O ANHALT EBM E A TENTATIVA DE REAPROPRIAÇÃO
Na Alemanha um conjunto de artistas, inconformados com o que a cena gótica havia feito com o EBM, resolveu começar um movimento, onde resgatariam aquela sonoridade minimalista dos anos 80. Também misturariam o punk Oi!, o electro-punk, além de uma imagem e uma identidade que pode facilmente ser confundida com a dos skinheads e neonazis, embora os grupos se declarem apolíticos, na maior parte das vezes. É essa aproximação com o punk, o “faça você mesmo” que trouxe de volta o gênero, dando um gás novo.

Recebeu o nome de Anhalt EBM por ter surgido na cidade alemã de Anhalt, com bandas como o Container 90, o Sturm Cafe, o Tyske Ludder, o Spetsnaz, entre outras, começaram a criar uma cena que estava cansada da apropriação pelos góticos. Este movimento também influenciou grupos em outros países, como o U.M.M. em Portugal. É uma tentativa de mostrar como o EBM pode evoluir sem perder as raízes e, acima de tudo, sem perder todo o seu lado histórico. É chamado também de “new oldschool ebm”, uma vez que é criado algo novo em cima de uma base antiga, mantendo ambos.

A CENA
Falar de uma cena é muito complicado. Na Europa, sobretudo na Alemanha e na Bélgica, ainda temos uma cena EBM forte, que divide espaço com a cena gótica e algumas vezes estas se conflitam. Fora deste eixo, em países como Portugal e Espanha, ainda temos uma cena muito pequena, restrita a poucas pessoas e a poucos grupos, muitas vezes tornando-se muito mais uma reunião entre amigos.

Existem poucos festivais europeus para o estilo, o mais famoso é o Familientreffen, onde o foco é no EBM Oldschool e no Anhalt, voltado para um público não-gótico e não-metal. Contudo, eventos como a Gotik Treffen e o Castle Party sempre trazem bandas de EBM para seus shows, mesmo que eles sejam voltados aos góticos.

Fora da Europa existem pequenas cenas, não mais que meia dúzia de indivíduos, em alguns locais.

Normalmente o que se toca de EBM fica restrito a casas que tocam para góticos, onde os EBMers precisam dividir espaço com eles. Deste modelo surge a falsa impressão que o gênero faz parte da cena gótica.

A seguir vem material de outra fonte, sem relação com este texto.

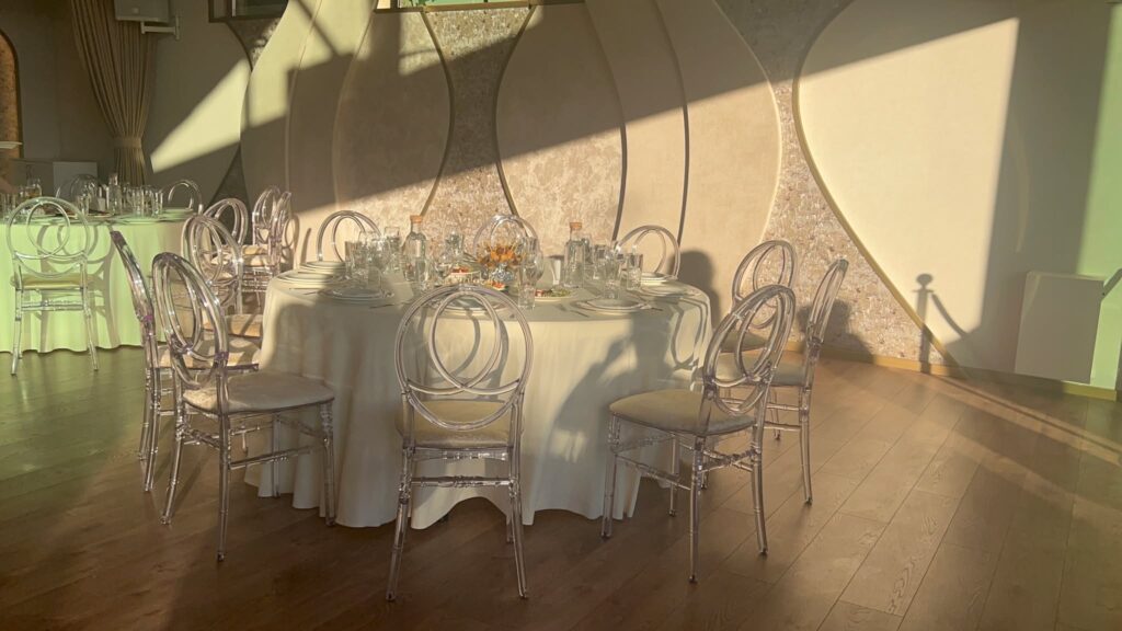 Залата впечатлява със своя изчистен дизайн – просторна, без нито едно стъпало и нито една колона, което допринася за усещане за свобода и елегантност. С нейния 7-метров таван, тя съчетава усещането за простор с уютната атмосфера, която всяко празненство заслужава.
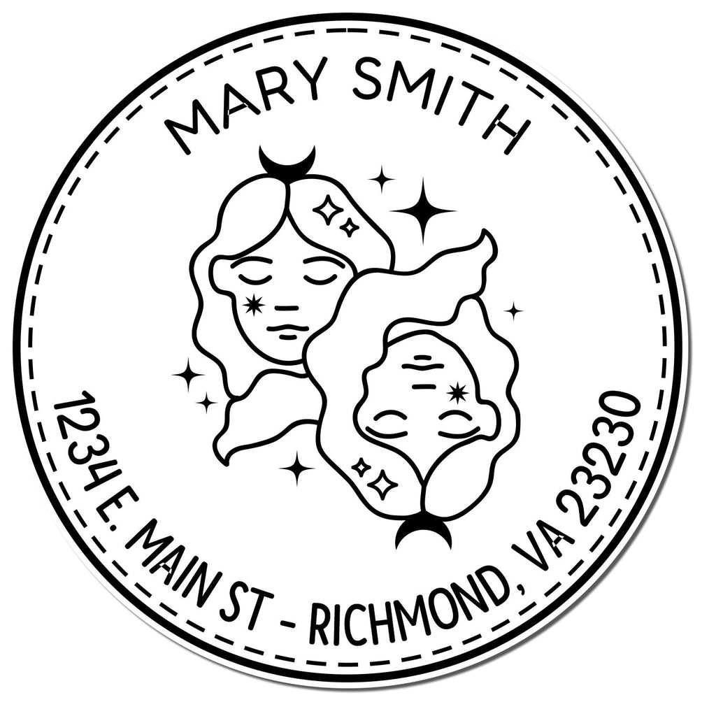 Stylish Design for the Modern Home The design of the Witty Gemini Custom Home Stamp is as charming as it is functional. Featuring the Gemini zodiac symbol, this stamp showcases twins with half moon and star images, beautifully encircled by a double ring border. Your name elegantly arcs at the top, while your address or a personalized message completes the bottom arc. With an impression size of 1-5/8" in diameter, this stamp is the perfect size for envelopes, labels, and more, ensuring your correspondence is both stylish and organized.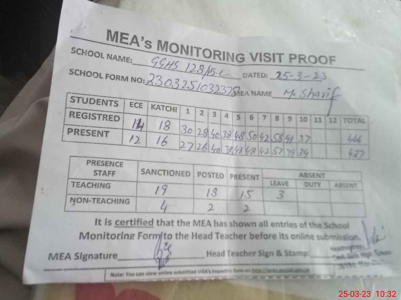 | EMIS Code: 36430097 | Name of School: GGHS 128/15-L MIAN CHANNU | |||

No Brasil a situação é muito parecida. Temos pouquíssimos grupos de EBM e não temos eventos dedicados ao estilo. As casas noturnas góticas é que acabam sendo responsáveis pela divulgação do estilo, muitas vezes mesclada com electro-industrial e seus derivados. Não existe, de fato, uma cena para o EBM, muito menos uma reunião de amigos que possam movimentar alguma coisa. Também não temos muitos grupos, o que causa, sem dúvidas, uma falha grande para a criação de um público que queira ouvir o electronic body music.